Please note that to clone via ssh the user must setup a ssh-key on your local machine (local computer, remote server, etc...) that is linked to your GitHub account. Instructions on how to do this can be found here.

2) Python3 Virtual Envrionment Creation

Python3 has the ability to create virtual environments that function as self contained python library installations. These virtual environments allow a user to operate with root-privileges on a host machine with which they do not have host-level root-privileges.

NOTE: This is not needed if the user has root access to the operating system of a machine, as the user can install the necessary python libraries natively on the machine. However, using a Python virtual environment is still good practice in this circumstance regardless as it prevents backwards incompatbility between user projects when updating or expanding Python libraries in the main host machine installation folder.

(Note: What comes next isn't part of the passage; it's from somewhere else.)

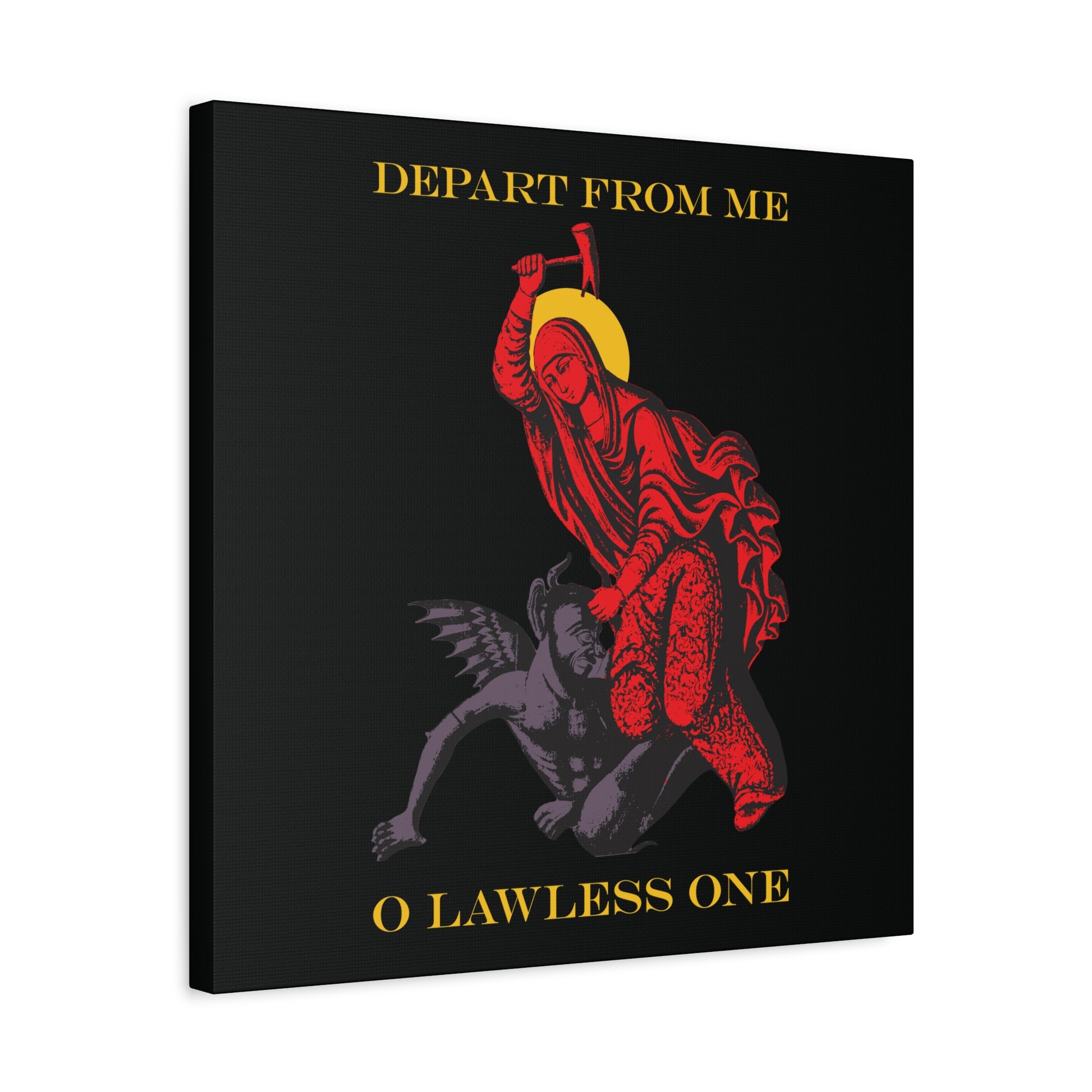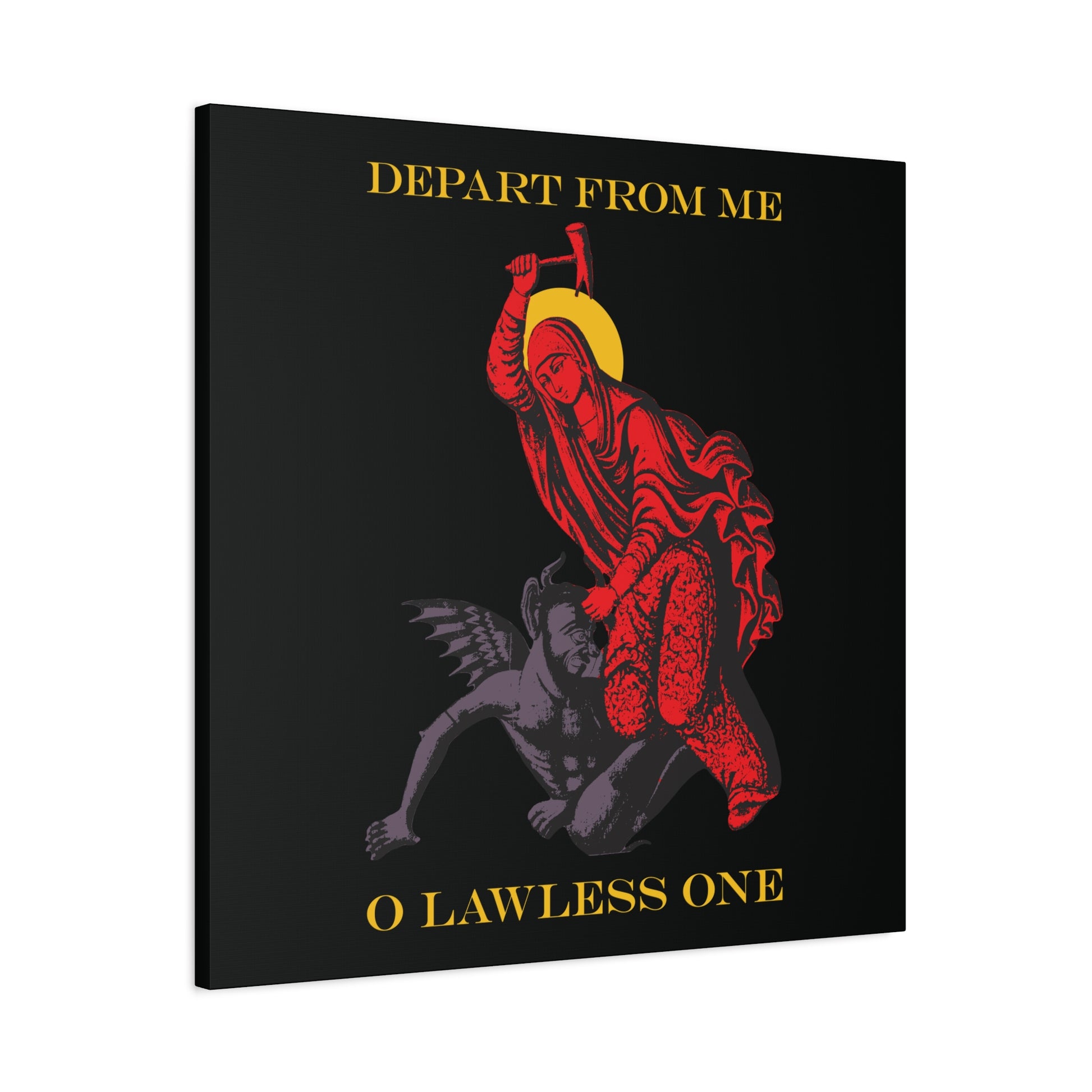 St Marina IconoGraphic (Depart from Me O Lawless One) | Saint Beating the Devil with a Hammer | Orthodox Christian Canvas Art

To setup a Python environment the user should execute:

$ python3 -m venv <Path to environment> 

Where for instance <Path to environment> = /path/to/folder/CARLENV would create in the absolute path location provided a CARLENV/ folder that would contain the virtual environment.

3) Package Installations

After creating the python virtual environment please proceed to activate the environment using:

$ source /path/to/folder/CARLENV/bin/activate

This will place you inside the CARLENV virtual environment. This will be visually obvious by the addition of (CARLENV) preceeding your usual UNIX prompt:

$ source /path/to/folder/CARLENV/bin/activate
(CARLENV) $  

Once inside the virtual environment the user can install the necessary packages via either:

  • Python Package Index: Using pip to install source wheels or source distributions
  • Conda: Using conda to install cross-platform libraries via the Anaconda repository as binaries

The packages to install are:

  • cachetools==4.1.1
  • certifi==2020.6.20
  • cycler==0.10.0
  • future==0.18.2
  • joblib==0.16.0
  • kiwisolver==1.2.0
  • matplotlib==3.3.1
  • numpy==1.19.1
  • onnx==1.7.0
  • onnxruntime==1.5.2
  • pandas==1.1.1
  • Pillow==7.2.0
  • pyparsing==2.4.7
  • python-dateutil==2.8.1
  • pytz==2020.1
  • scikit-learn==0.23.2
  • scipy==1.5.2
  • seaborn==0.10.1
  • six==1.15.0
  • threadpoolctl==2.1.0
  • torch==1.6.0
  • torchvision==0.7.0
  • uproot==3.12.0
  • uproot-methods==0.7.4
  • uproot4==0.0.27

Which can all be found in the requirements.txt file, and installed via conda/pip using:

PyPi
(CARLENV) $ pip install -r requirements.txt

Conda
(CARLENV) $ conda install --file requirements.txt

NOTE: Please note that the above requirements.txt file was created using PyPi freeze command.

Of course it can happen that the users native Python installations might yield incompatibility issues with the above requirements file. In this instance, one can run the next step of these instruction (Training) and then at each failed import one can execute:

(CARLENV) $ pip install <import failed package>

4) Execution

There are three key steps to the CARL-torch package:

  1. Train -> train.py
  2. Evaluate -> evaluate.py
  3. Validate -> validate.py

Train

To train the neural network the user is required to have two input root files, one for Model A and one for Model B. To obtain these the CARLAthenaOnnx package can be used inside the ATLAS Athena framework to generate root flat-tuples.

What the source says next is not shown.